Саймон опустил голову, с сомнением глядя на Катриону:

— Не станете ли вы уверять, будто именно так ваш дядя занимается любовью с тетей?

Эти слова заставили девушку содрогнуться.

— Они спят в разных комнатах.

— Пусть так, но хотя бы разок они были вместе, иначе, откуда у них могла появиться очаровательная Агата, не так ли?

— Элис, — слабым голосом поправила Катриона. — И не один раз, а, по меньшей мере, два. У них есть еще одна дочь, Джорджина.

Ловко обвернув простыню вокруг бедер, Саймон откинул одеяла и приглашающим жестом хлопнул ладонью по кровати рядом с собой.

— Не стесняйтесь, дорогая, обещаю вести себя как настоящий джентльмен, — произнес он с обворожительно нежной улыбкой.

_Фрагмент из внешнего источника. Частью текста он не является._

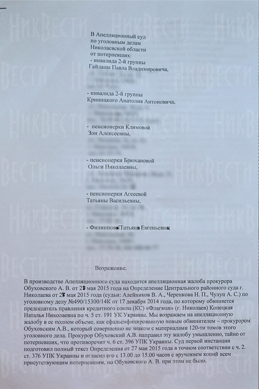 Обманутые вкладчики кредитного союза считают жалобу прокурора фальсифицированной и такой, что отправлена умышленно и в тайне от потерпевших, что противоречит части 6 статьи 396 УПК Украины.

Катриона не могла удержаться от мысли, что множество девушек увлекли в постель эти слова и эта улыбка. Вслух Уэскотт обещал одно, но его глаза и улыбка откровенно намекали на совершенно иной исход — блаженство, которому ни одна женщина не сможет противиться, и о котором не будет никогда сожалеть. Во всяком случае, пока она находится в объятиях этого мужчины.

Для одной Катрионы кровать в ее спальне была просто огромной. Особенно по сравнению с узким тюфячком, набитым высушенным вереском. Именно такой была ее детская постель в Шотландии. Однако теперь просторное ложе с балдахином казалось вполне обычных размеров, так как разлегшийся на кровати Саймон оккупировал больше половины ее пространства. Катриона никогда не представляла себе, что один человек может занимать так много места. Невольно она скользнула взглядом по раскинувшейся на постели громадной фигуре, от лица, с его дьявольской улыбкой, к широким плечам и вниз, к завораживающему треугольнику золотистых волос, украшающему четко очерченные мышцы живота. Все сжалось у нее в груди, сердце учащенно забилось.

Испугавшись, что от невыносимого напряжения чувств она потеряет сознание, Катриона чуть ли не бегом бросилась к постели, юркнула в нее, рывком натянула на себя одеяла и укрылась с головой. Только после этого она отважилась сбросить ночную рубашку и положила ее на пол рядом с кроватью. Полностью укрытая одеялами, девушка осторожно отодвинулась на самый край матраса. В эту минуту ее больше всего волновало, что случайным движением она может дотронуться до лежащего в такой шокирующей близости мужского тела.

— Катриона!

— Гм? — отозвалась она, удивляясь, что Уэскотт запомнил ее имя.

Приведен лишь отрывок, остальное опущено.